:: Data below ::

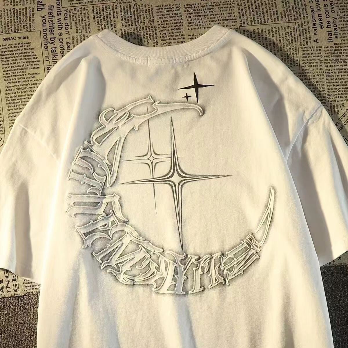 Футболка с короткими рукавами американского модного бренда из 100% хлопка с принтом луны и звезд, мужская летняя футболка в стиле хип-хоп в европейском и американском стиле high street
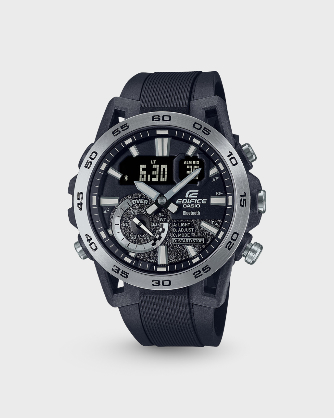 Introducing true motorsports form, functionality, and sophistication the EDIFICE SOSPENSIONE ECB-40, with carbon fiber reinforced resin suspension arm design and Smartphone Link. The unique case design is inspired by formula car suspension with lugs configured in a four-arm arrangement, two above and two below.
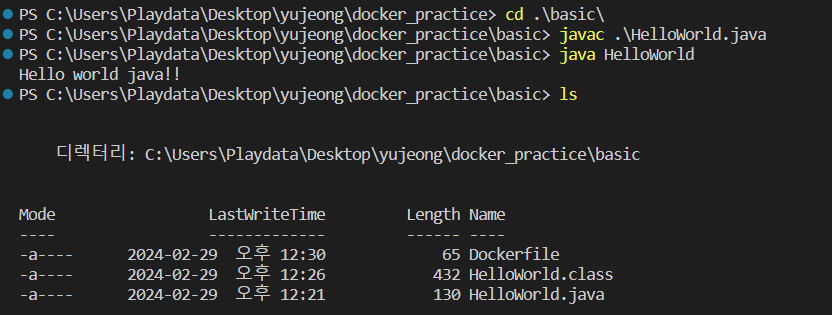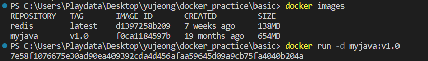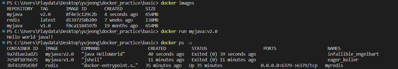 Dockerfile이 있는 곳으로 이동 -> docker build -t myjava:v1.0 . 실행 -> docker images로 java파일 확인 후 실행

:::

# Task to carry out
Copy the listing over exactly, skipping the pictures it holds.

# Result below
 Футболка с короткими рукавами американского модного бренда из 100% хлопка с принтом луны и звезд, мужская летняя футболка в стиле хип-хоп в европейском и американском стиле high street
 Introducing true motorsports form, functionality, and sophistication the EDIFICE SOSPENSIONE ECB-40, with carbon fiber reinforced resin suspension arm design and Smartphone Link. The unique case design is inspired by formula car suspension with lugs configured in a four-arm arrangement, two above and two below.
 Dockerfile이 있는 곳으로 이동 -> docker build -t myjava:v1.0 . 실행 -> docker images로 java파일 확인 후 실행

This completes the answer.